Speakers on the stage at the Republican National Convention on Tuesday who spent much of the night railing against President Joe Biden’s border and immigration policies were not groundbreaking. Biden was enabling a “border bloodbath,” the crowd’s signs read, as congressional leaders accused Biden of enabling a border “invasion.”
Their use of inflammatory, inflammatory or extremist rhetoric to talk about immigrants and Democratic incumbents was also not new. “Americans are dying every day,” Texas Sen. Ted Cruz thundered, “murdered, assaulted and raped by illegal immigrants that Democrats let go.”
what was Here’s how the Republican Party of 2024 fine-tuned its anti-immigration message to American voters in 2024: focusing on drugs, human trafficking, crime and public disorder, and distinguishing between “illegal” immigrants who threaten the fabric of America and the right kind of immigrants.
Kari Lake, an election-declining GOP Senate candidate from Arizona, summed it up earlier in the night: The GOP’s goal must be to “stop the devolution and build the wall.”
It all came on a night after Republican organizers tried to promote national unity in the wake of Donald Trump’s assassination attempt, and some speakers said they had scaled back their speeches.
But the Republican Party’s position on immigration may be more unified than it appears. Data show Americans are far more against all forms of immigration and more in favor of tighter border controls and immigration policies than when Trump first or second term ran for office.

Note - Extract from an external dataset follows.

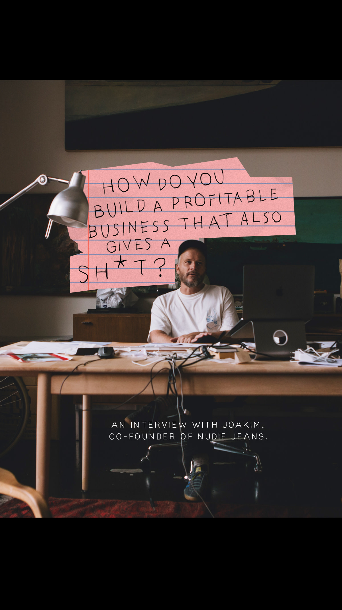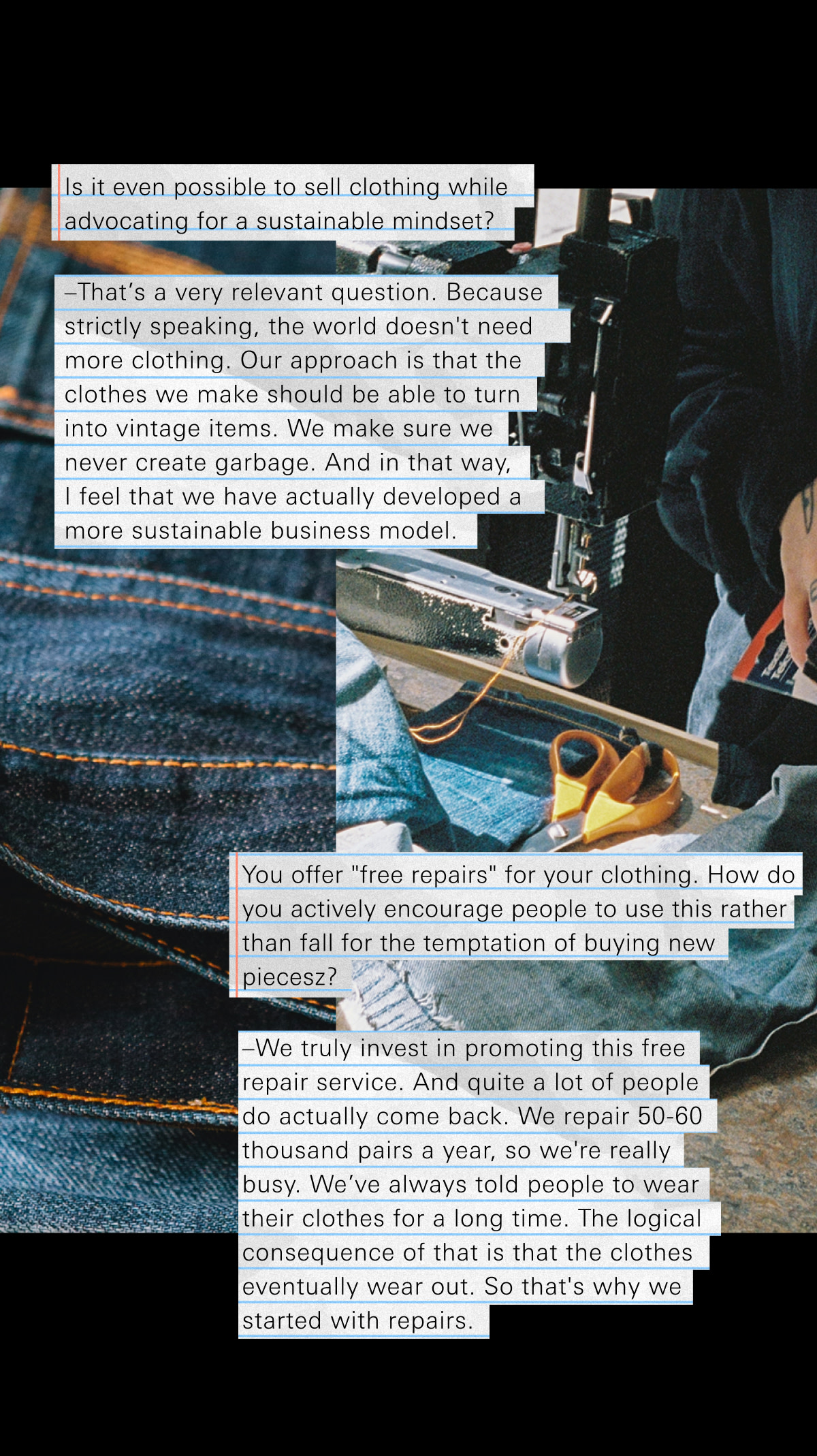 Loud Larry Electric Blues220 USDLoose wide-leg high-waist jeans in 13 oz organic rigid denim, mid-blue wash with contrast wear. Orange seams, copper trims, button fly.
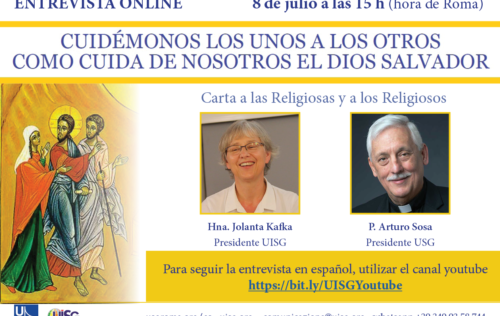 Cuidémonos los unos a los otros como cuida de nosotros el Dios salvador Entrevista Online con los Presidentes UISG e USG que han enviado una carta a todas las religiosas y religiosos 8 de julio 2020 Para seguir la entrevista en español, utilizar el canal youtube https://bit.ly/UISGYoutube

Indeed, the America of 2024 is far more anti-immigrant than in the recent past, more skeptical of immigration, and more open to policies that would have seemed extreme had Trump been in office. That’s partly because there really was a spike in immigrant arrivals and border crossings after Biden took office and the pandemic subsided.
This anti-immigrant shift has been swift but sustained. Since 2020, the share of Americans who want to reduce all immigration levels has increased, from 28 percent in mid-2020 to 55 percent by June 2024. Gallup polling data.
Those analysts note that 2024 marks the first time since 2005 that a majority of the American public wants less immigration, and that anti-immigration sentiment is at its highest level since 2001, when the country was going through an anti-immigrant fervor. After the 9/11 terrorist attacks.
Those changes are also happening across all sectors of the electorate. It’s not just white voters. Asada voter and esp Latino Voters are Chances are high Less immigration is wanted than in the past, and anti-immigrant sentiment is growing across all partisan groups, including among Democrats.
During the Trump years, the overall mood in the country has become more pro-immigrant as Democratic voters have become much more positive about immigration. That trend has shifted, even over the last year.
There is no shortage of opinions nuance. Voters are much more positive about legal immigration than illegal immigration. They are more supportive of building a wall along the southern border with Mexico than they were in the Trump years, but they are still receptive to providing a path to citizenship for immigrants who were brought to the U.S. illegally as children (though even that support. These DREAMers have steadily declined).
Overall, though, when thinking about borders and immigration, many Americans now view the issue less about humanitarianism and human rights and more through a law-and-order lens, immigration researchers have observed.
All of this was reflected in the positions many Republican rising stars, candidates and elected officials took Tuesday night. Senate candidates, including Ohio’s Bernie Moreno, Arizona’s Lake and Wisconsin’s Eric Hovd, as well as former candidates Vivek Ramaswamy and Nikki Haley, have all touted the benefits of legal immigration and the American dream while battling the threat of fentanyl trafficking. and the immigrant drain on the American economy.
They warned of the threat that an “attack” on the southern border posed to the American dream. Moreno, himself a Colombian immigrant, insisted that he and his parents immigrated to the US “legally” – then “attacked Biden and the Democrats for encouraging it.”[ing] Millions of illegal immigrants to America.
Other Republican leaders, such as House Majority Leader Steve Scalise and Speaker Mike Johnson, threatened noncitizen voting by changing the fabric of the nation, “damaging[ing] Citizen, drain[ing] resources, and disruption[ing] election,” as Johnson said.
The closing message of the night rounded out this critique of the status quo: “You can’t have a nation without borders.” It’s an easy pitch to Americans who see immigration as a question of order and process: images of migrant caravans and river crossings are sickening, even if they don’t necessarily dislike the idea of expanding the American dream.
In 2019, with Trump in office, this strategic speech may not resonate with most Americans. But in 2024, this is becoming true for a growing segment of the electorate.